**RECORDS FOR THIS EXERCISE:**

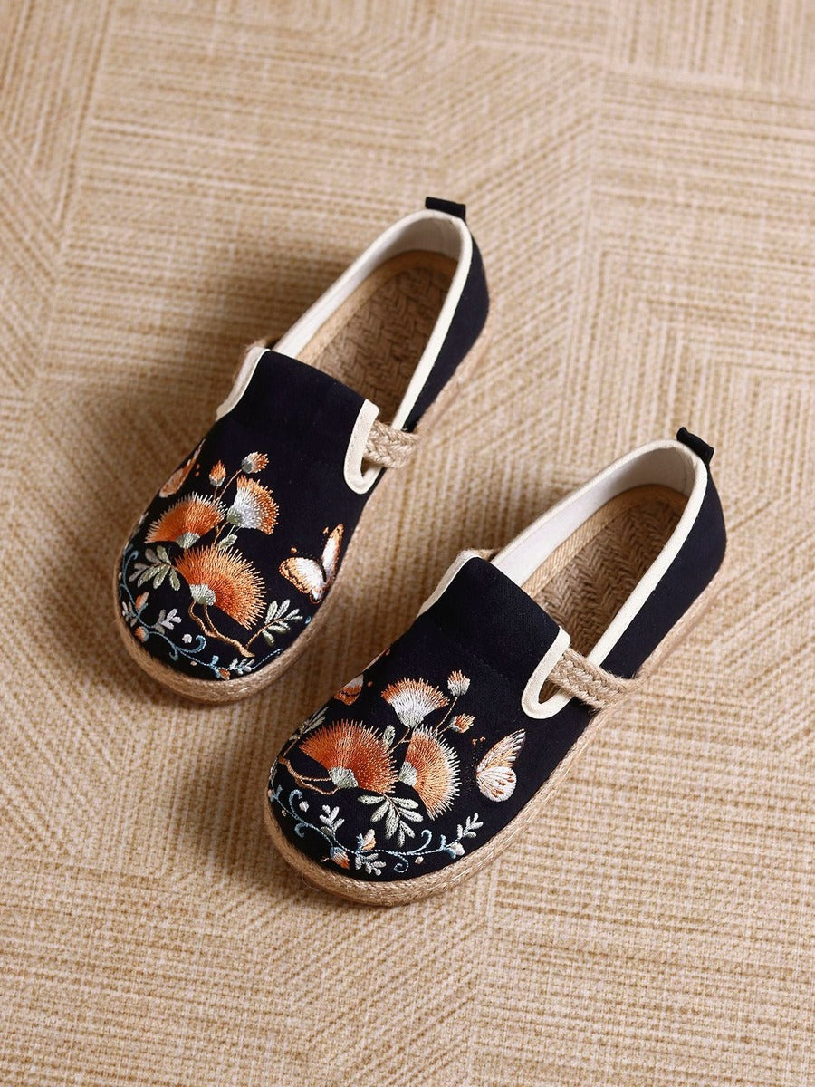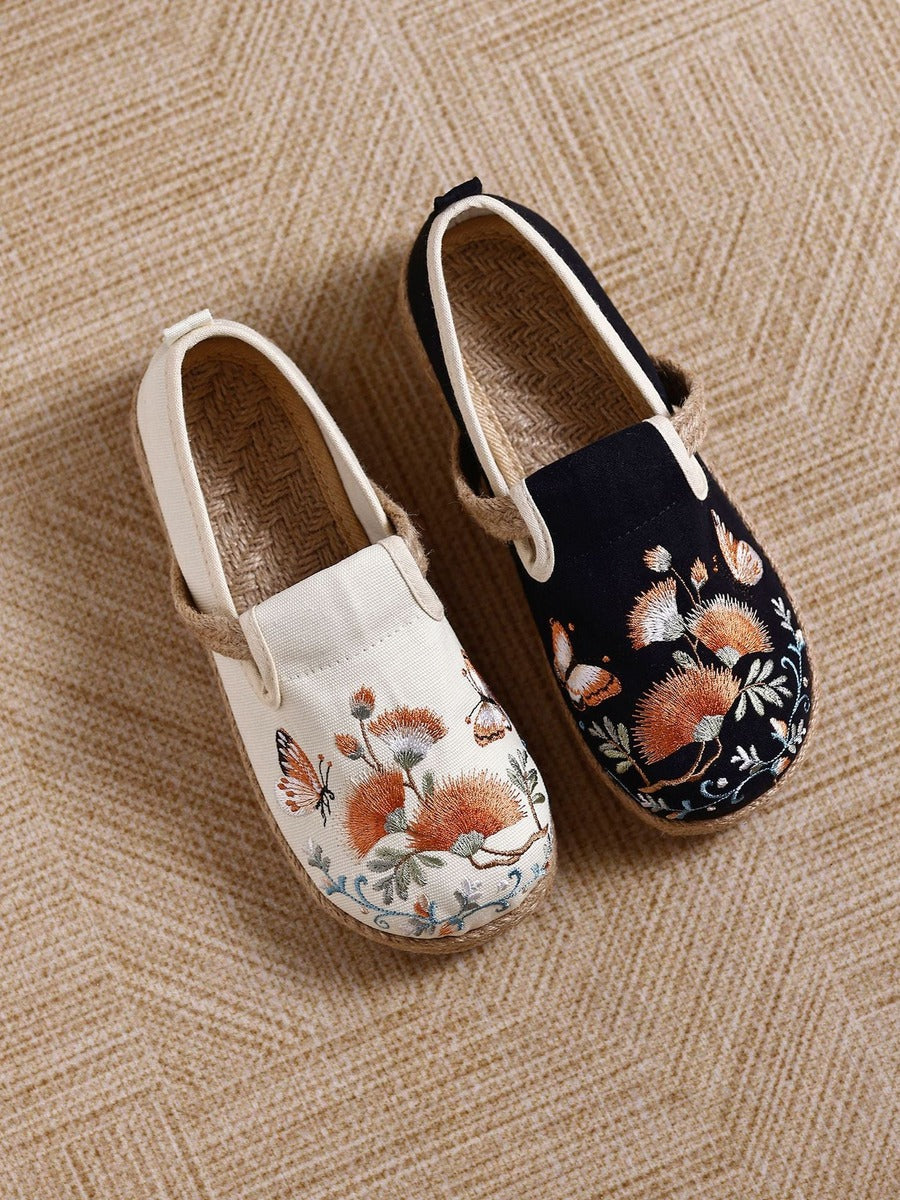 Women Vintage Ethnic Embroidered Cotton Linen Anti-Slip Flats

---

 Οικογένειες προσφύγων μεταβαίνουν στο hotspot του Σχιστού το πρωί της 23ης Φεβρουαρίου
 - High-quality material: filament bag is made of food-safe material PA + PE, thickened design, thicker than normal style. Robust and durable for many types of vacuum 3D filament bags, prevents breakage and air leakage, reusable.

**WHAT IS REQUIRED:**
Among the entries above, locate the lines containing "Οικογένειες προσφύγων μεταβαίνουν" and "- High-quality material: filament", and transcribe exactly those two lines and all lines between.

**RESULT OF THIS TASK:**
 Οικογένειες προσφύγων μεταβαίνουν στο hotspot του Σχιστού το πρωί της 23ης Φεβρουαρίου
 - High-quality material: filament bag is made of food-safe material PA + PE, thickened design, thicker than normal style. Robust and durable for many types of vacuum 3D filament bags, prevents breakage and air leakage, reusable.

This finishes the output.